Un système applicable aux dommages transfrontaliers est jugé inadéquat étant donné qu'il aboutirait à un traitement complètement différent des problèmes à l'intérieur d'un État membre. Des personnes impliquées dans une affaire des dommages transfrontaliers seraient alors poursuivies tandis que d'autres, responsables de la même activité à l'intérieur du pays, pourraient bénéficier des lacunes du système national à cet égard.

Un système sectoriel axé sur les biotechnologies serait très difficilement envisageable puisqu'il serait très difficile d'expliquer à un secteur pourquoi lui seul doit faire face aux dispositions en matière de réglementation à la différence d'autres secteurs prenant des risques similaires.

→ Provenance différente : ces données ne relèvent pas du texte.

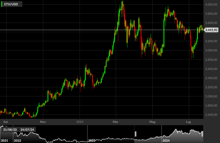 From a technical perspective, Ethereum shows some resistance in breaking key price levels despite the good news on the ETF front. Even from a volumetric point of view, there seems to be a lack of volume levels that would make breakouts technically relevant; at the same time, the RSI oscillator on a daily timeframe remains in neutral territory.

La solution la plus cohérente paraît être la création d'une directive communautaire, ce qui pourrait offrir une sécurité juridique supérieure de celle de la convention de Lugano, tout en délimitant le champ d'application et en élaborant mieux les systèmes applicables aux dommages causés à la biodiversité. Toutefois, la convention pourrait constituer une source d'inspiration.

Subsidiarité et proportionnalité

Les États membres n'ont pas mis en oeuvre d'une façon optimale les principes de la politique environnementale (précaution, correction, pollueur-payeur…), et ne disposent pas des mesures qui leur permettent de couvrir efficacement les dommages transfrontaliers infligées à l'environnement.

Un système communautaire, respectant les principes de subsidiarité et proportionnalité, pourrait mettre en place les exigences minimales essentielles, tout en laissant aux États membres le choix des moyens et des instruments pour les atteindre.

Incidences économiques globales de la responsabilité environnementale au niveau communautaire

L'incidence d'un système de responsabilité communautaire sur la compétitivité externe de l'Union devrait être limitée. Les données relatives aux systèmes de responsabilité existantes ont été examinées et montrent que leur incidence sur la compétitivité des industries nationales n'a pas été disproportionnée. L'efficacité de tout régime de responsabilité juridique dépend de l'existence d'un système de garantie financière effectif fondé sur la transparence et la sécurité juridique en matière de responsabilité. Le système communautaire devrait être élaboré de manière à réduire au maximum les coûts de transaction.

En conclusion, la solution optimale, selon la Commission, serait celle d'une directive-cadre, engageant la responsabilité sans faute de la personne exerçant une activité mais autorisant certaines défenses en ce qui concerne les dommages traditionnels et environnementaux tout en engageant la responsabilité pour faute en ce qui concerne les dommages causés à la biodiversité par des activités non dangereuses.

Contexte

Ce livre blanc a été précédé du livre vert publié par la Commission en 1993, d'une audition commune convoquée par le Parlement et la Commission cette même année, d'une résolution du Parlement demandant une directive communautaire, ainsi que d'un avis du Comité économique et social européen en 1994. Les parties concernées ont été consultées tout au long du processus de préparation du livre blanc.

ACTES LIÉS

Directive 2004/35/CE du Parlement européen et du Conseil, du 21 avril 2004, sur la responsabilité environnementale en ce qui concerne la prévention et la réparation des dommages environnementaux [Journal officiel L 143 du 30.04.2004]. La solution proposée par la Commission dans le livre blanc a été retenue et le processus entamé plus de dix ans auparavant a finalement donné lieu à l'adoption de cette directive, première législation communautaire à compter parmi ses objectifs principaux l'application du principe du pollueur-payeur.